The flames from the hut had the desired effect. As the British soldiers snuck out through the rear of the building, the incandescent bloom acted like a call to the faithful, drawing out vast swathes of undead creatures from every corner of the camp. They swarmed like ants over picnic food, competing with each other to get closer to the fire, oblivious to the devastating effect the flames had on both living and dead flesh alike. Jones watched with disbelief from a gap between two other buildings as several of the damn things continued to move, still walking even as their bodies burned. Prisoner and guard alike, all the former barriers of race and rank had been erased by this despicable condition.
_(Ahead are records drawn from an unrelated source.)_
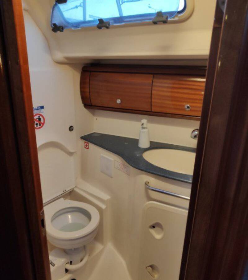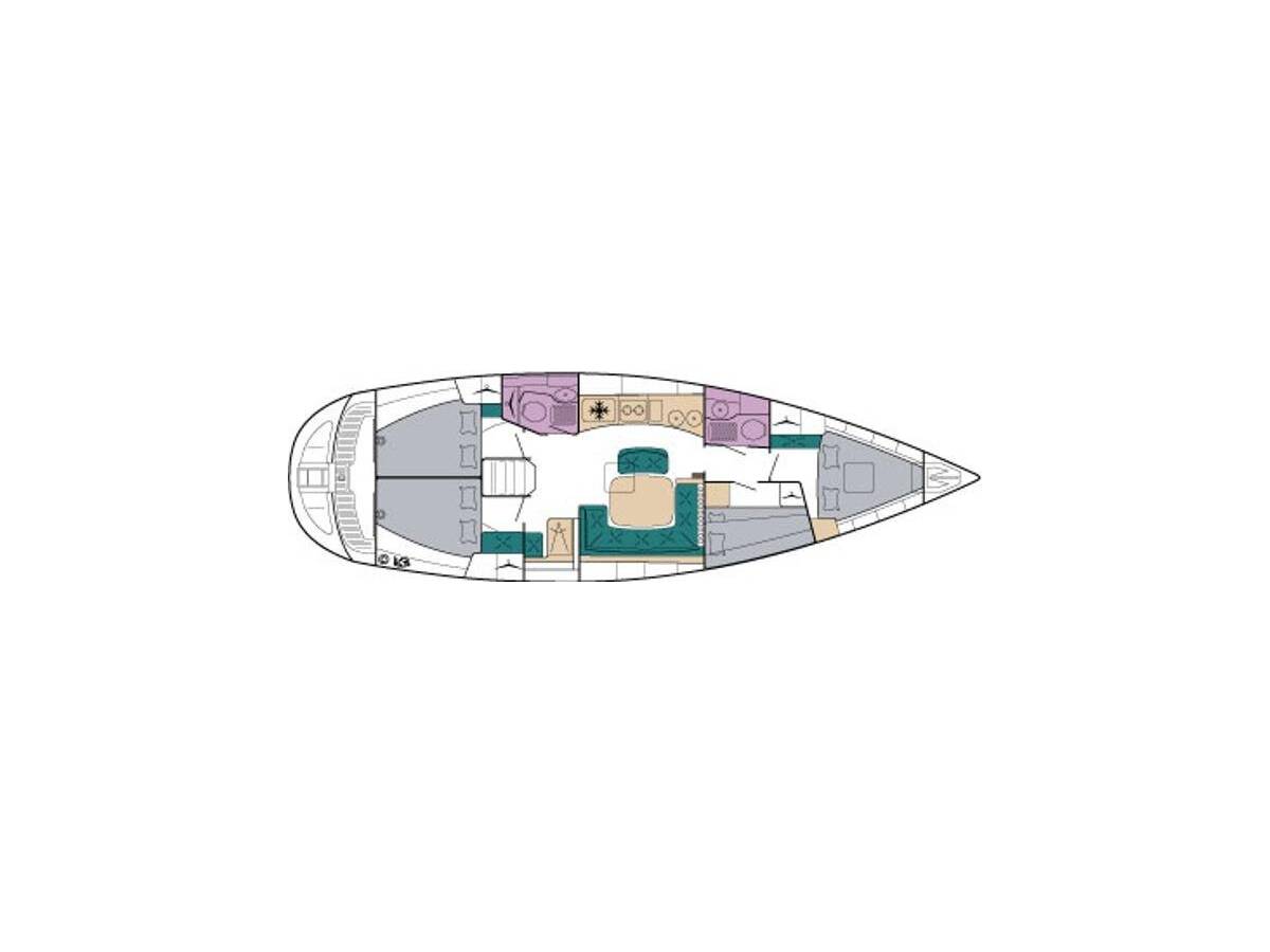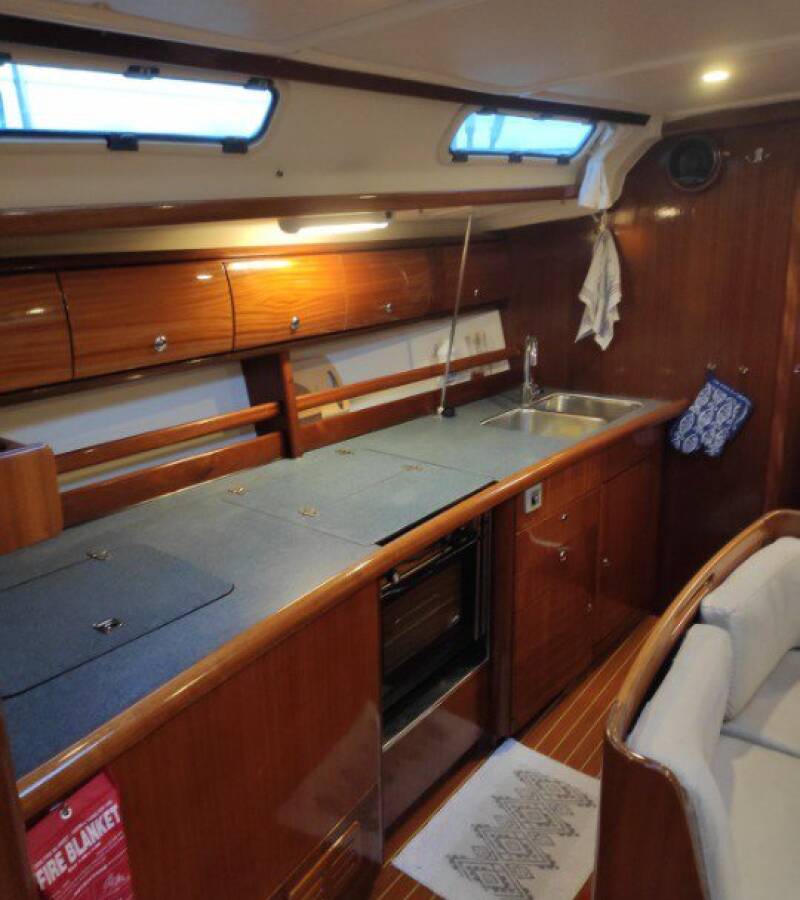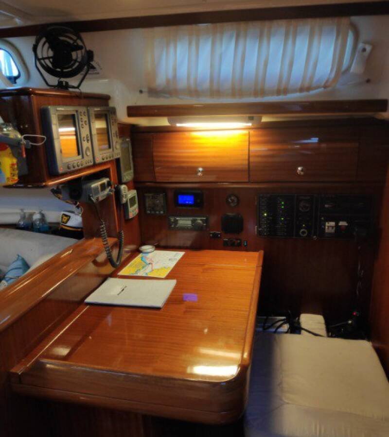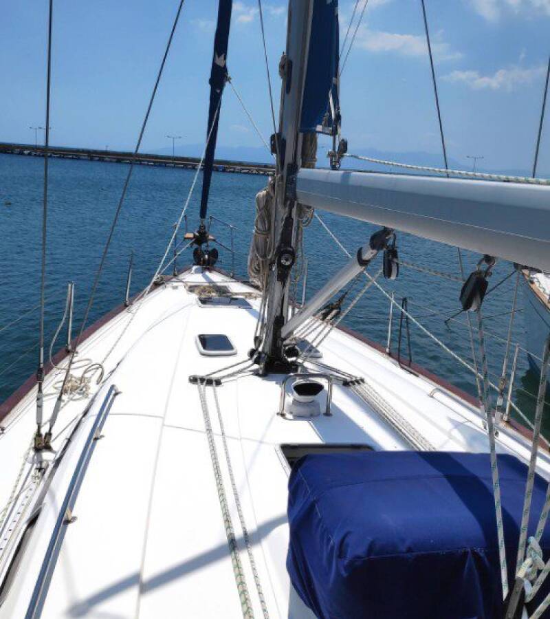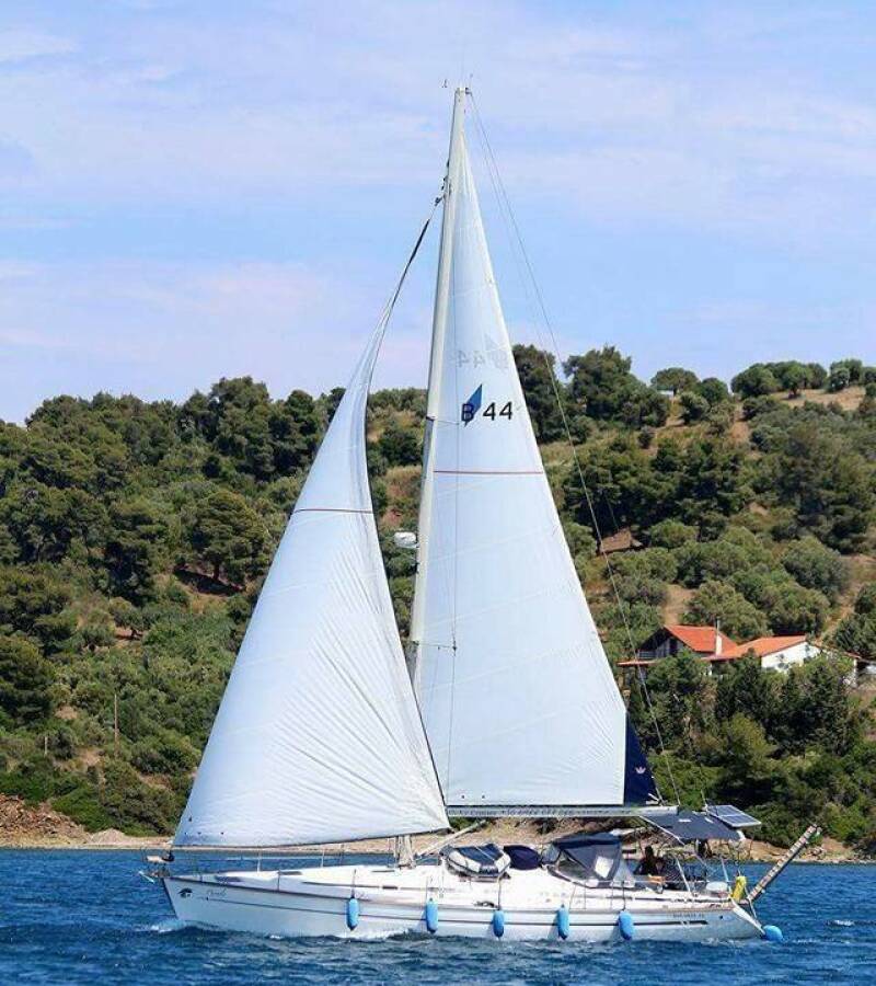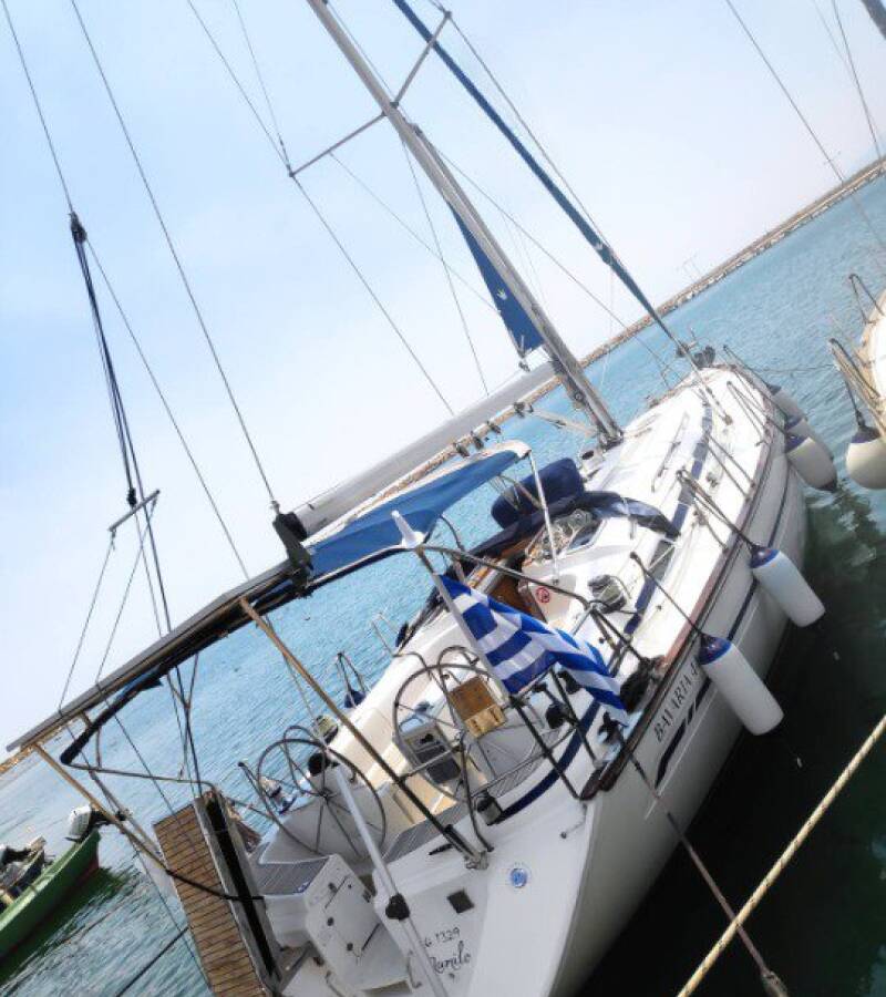 Die Bavaria 44 "Argonautis" ist ausgestattet mit einem Großsegel und einem Genoa sowie einer Bimini Top, Autopilot, Sprayhood.
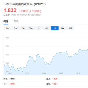 日本股债双杀!央行行长强烈暗示12月加息:希望将利率提高至0.75%再谈以后
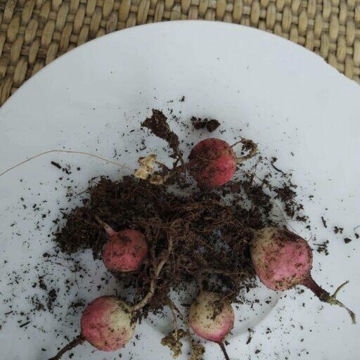 Quand je les ai déterrés, j’étais atterrée à la vue de mes minuscules rares radis. Ils sortaient un peu de terre. Leur boursouflure m’avait laissée entrevoir l’espoir d’obtenir de jolis radis généreux. Je me suis trompée.

Nazi, Jew, man, woman, adult, child, captor, captive... now they were all just the dead.
This next group of buildings where the four soldiers now found themselves were, thankfully, far more innocuous than the last. By peering in through the dust and grime covered windows, Barton saw that these large, warehouse-like places appeared to be some kind of factory. Although much was hidden by the darkness, the outline of row after row after row of workbenches stretched back into the gloom. Their purpose appeared almost industrial by design. ‘Munitions,’ Wilkins told him. ‘Although my sources suggested a change of design had been mooted for the weapons made here.’